# I did my first century today!!!!!



## TallCoolOne (Jan 18, 2010)

I did my first century today. I was solo for the first 70 miles and hooked up with a couple of buddies for the last 30. I had a 16.1 mph average and completed 100.1 in 6 hours 13 minutes. On mile 2 after hooking up with my riding buddies, the sidewall of my rear tire blew out. One of my buddies rode back to his house, with my stock shimano rear wheel in tow, and brought back his Clydesdale Zipp 404 off of his long distance bike for me to complete my century with. How about that for a good cycling buddy? I was just stunned. 

The downside of this experience is now I really really want a set of Zipps.
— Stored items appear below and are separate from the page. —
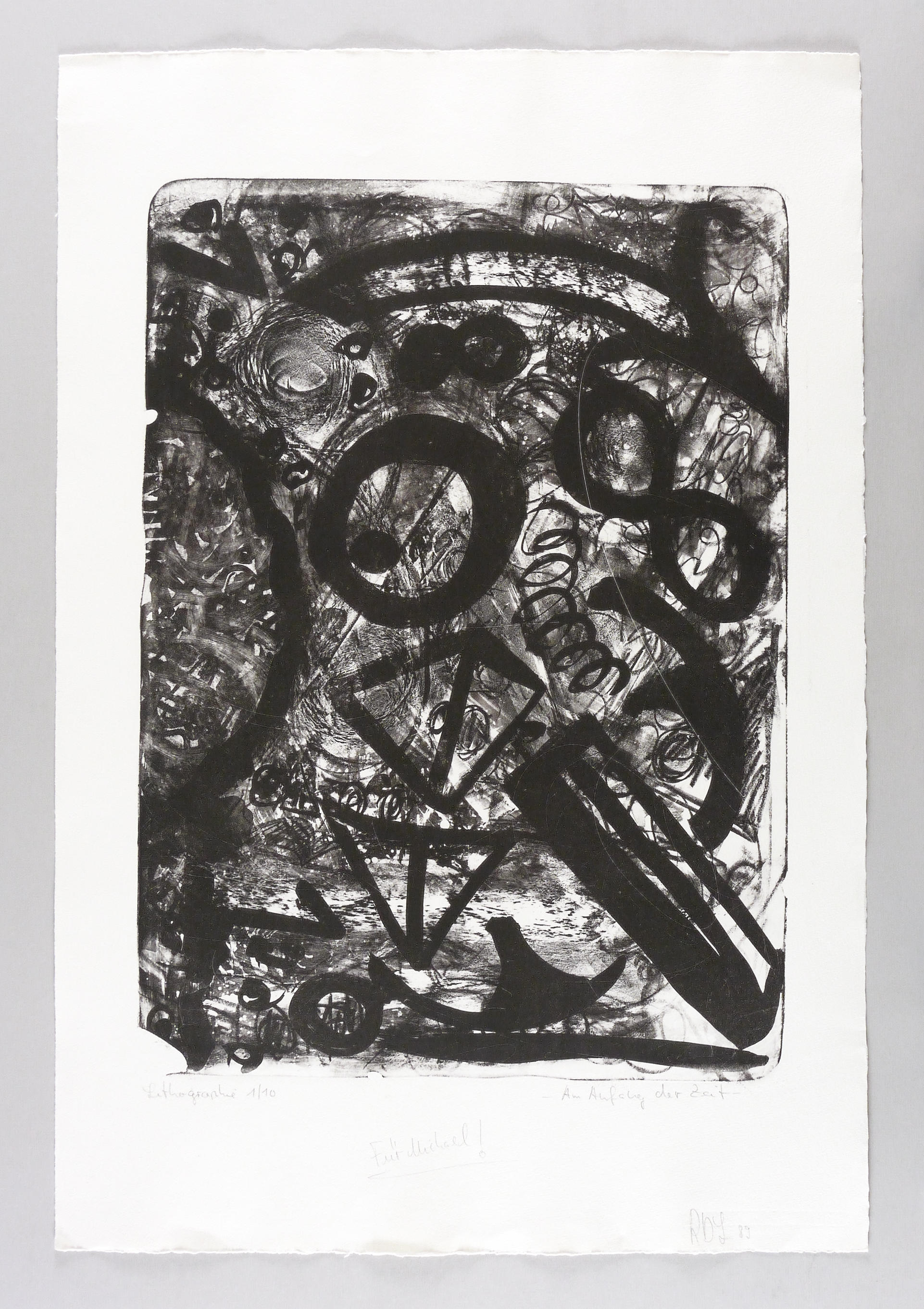 Rechts unten in Bleistift signiert und datiert. Links Auflagenbezeichnung und Titel. Widmung an den Drucker Michael Wackwitz. Wasserzeichen der Hahnemühle. – Sehr guter Zustand.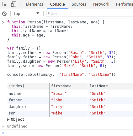 table()的第二个参数可以被用来记录更高级的对象和特殊的属性。 例如,仅打印出所需的属性值。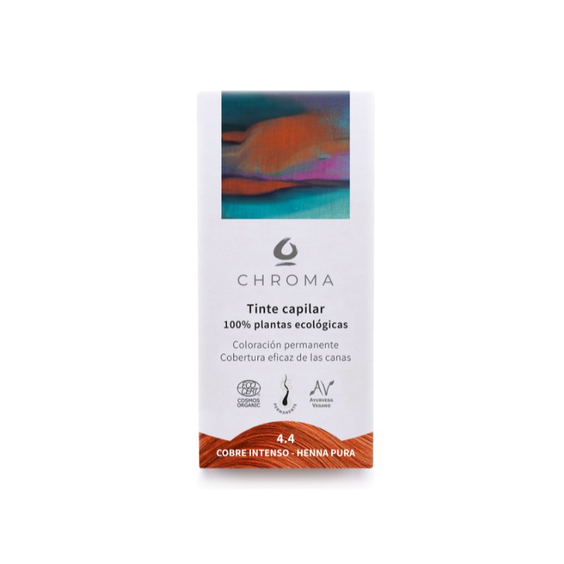 Découvrez la teinte 4.4 Cuivre Intense de CHROMA, formulée avec 100 % de henné (Lawsonia inermis) issu de l’agriculture biologique.

Those puppies are AWESOME!!!!! I guess I need to pick up a 3rd job to support my cycling addiction.


----------



## Pablo (Jul 7, 2004)

Good work.


----------



## savagemann (Dec 17, 2011)

Great story, good job and you have one heck of a buddy there!
Curious, how many feet of climbing were on the route?
Im doing my first century in 22 days, and there is about 6000' of gain.
I think its going to hurt.
Just did my first metric in February and it only had 2000' over 66 miles.
It was very windy though.
Again, great job!


----------



## murielalex (Feb 6, 2012)

Congrats!


----------



## cyclusaddictus (Dec 8, 2011)

Good to have team support 

Great story and congrat on your first century! I remember my first, it was an almost religious experience.


----------



## torch511 (Mar 4, 2012)

Kudos - and what a great example of the comradere often shared between cyclists.
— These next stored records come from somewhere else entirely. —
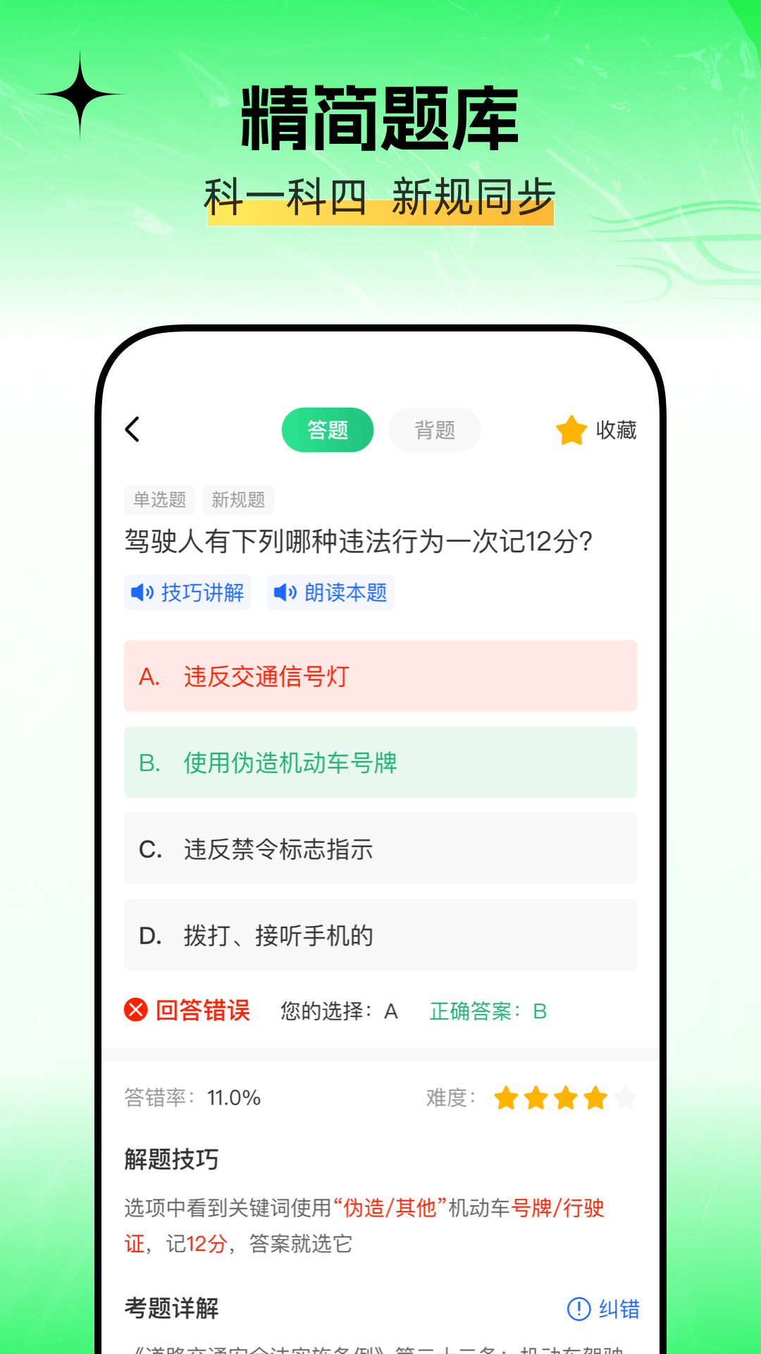 新规题库全涵盖,驾照考试不用愁!这是一款专为驾考学员打造的备考神器,全面覆盖最新交规题库,助您轻松应对科目一和科目四的理论考试。无论是交通法规、安全驾驶知识,还是道路标志识别,所有考点一网打尽。智能练习模式根据您的答题情况自动调整难度,让学习更高效。更有模拟考试功能,真实还原考场环境,帮助您提前适应考试节奏,提升通过率。告别死记硬背,科学备考,驾照考试一次过!
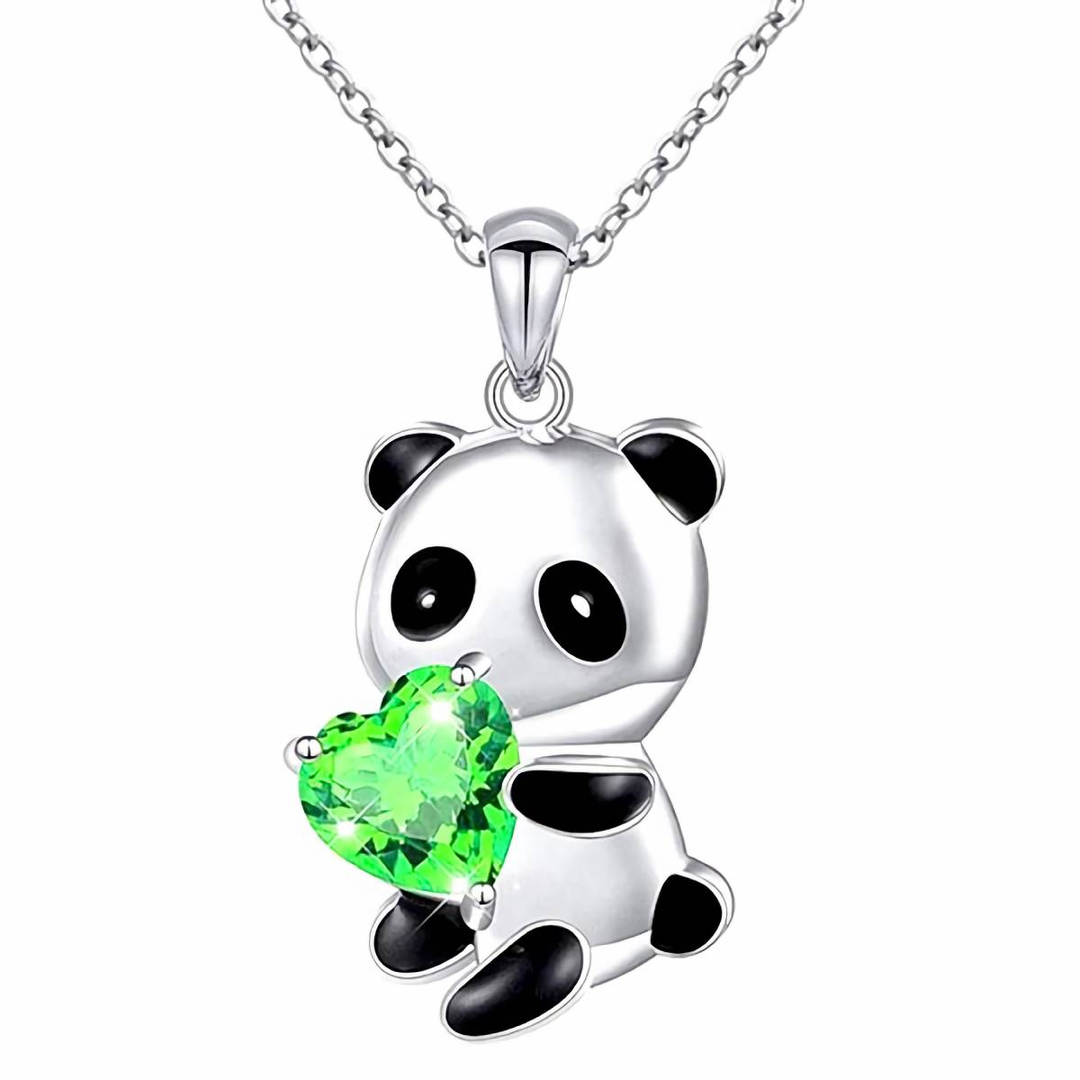 - 新品★送料無料★パンダ贈物ハート 翠玉エメラルド プラチナ仕上 925シルバーペンダント 誕生日プレゼント旅行夏海連休ギフト国内発送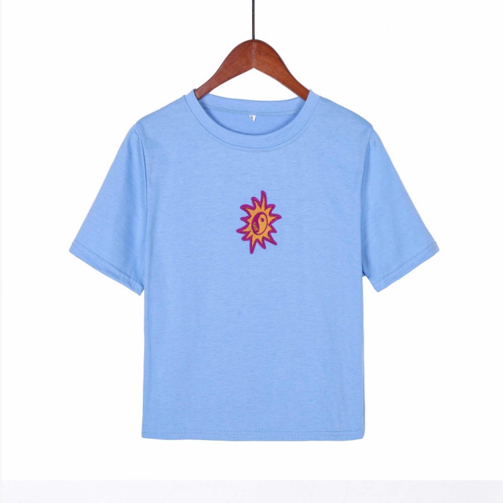 V-Neck Pineapple Embroidery Short Long-Sleeved T-Shirt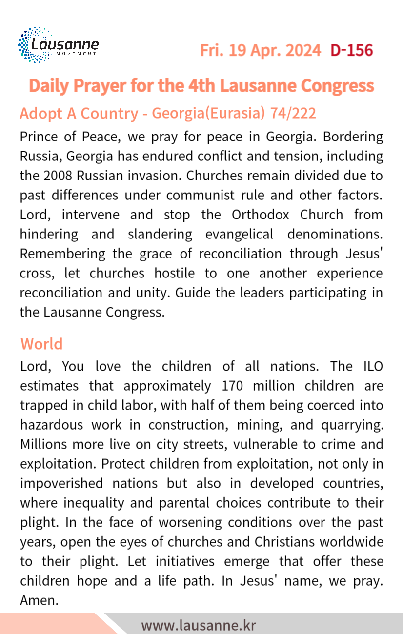 제4차 로잔대회 한국교회 매일합심기도문 4월 19일 작성자 관리자 작성일 2024-04-19 13:34 조회 307 좋아요 0 싫어요 0 인쇄 « 4월 18일 4월 20일 » 목록보기

Careful, Centuries get addicting.


----------



## RideAddict (Jun 9, 2011)

Congratulations on the ride and you should take your buddy out for eats and drinks. I'm doing my 2nd century this July in a JDRF fund raiser in Vermont. Did their Wisconsin ride last year.


----------



## KenSmithMT (Feb 17, 2012)

Great job. Great buddy. Sounds like you're already hooked.


----------



## jeeper006 (May 10, 2010)

Congrats, I just rode my first metric yesterday and I'm already getting the bug to ride a century... Hopefully within a few months I'll be able to do the full 100!!!


----------



## drodrigueznyc (Mar 30, 2012)

that's awesome... nice riding partner too.. makes riding so much more enjoyable...

is a tire blowout rare or do they happen on some of these century rides in hot weather?

i have one coming up in May 20 and didn't plan on bringin any spare tires... tubes yes.

glad you were able to complete... i know it was hard, but well worth it..

this would be my first century....


----------



## mmoose (Apr 2, 2004)

drodrigueznyc said:


> is a tire blowout rare or do they happen on some of these century rides in hot weather?


Tire blowouts are pretty rare. I would not expect them to vary cold vs. hot days, 2miles vs 100 miles. Probably more important to check your tires every couple of hundred miles for cuts or nicks. (Got a 3 cuts last year and could patch 2. The other blew out pretty good. $1 bill trick got me 4 miles home where I had new tires waiting)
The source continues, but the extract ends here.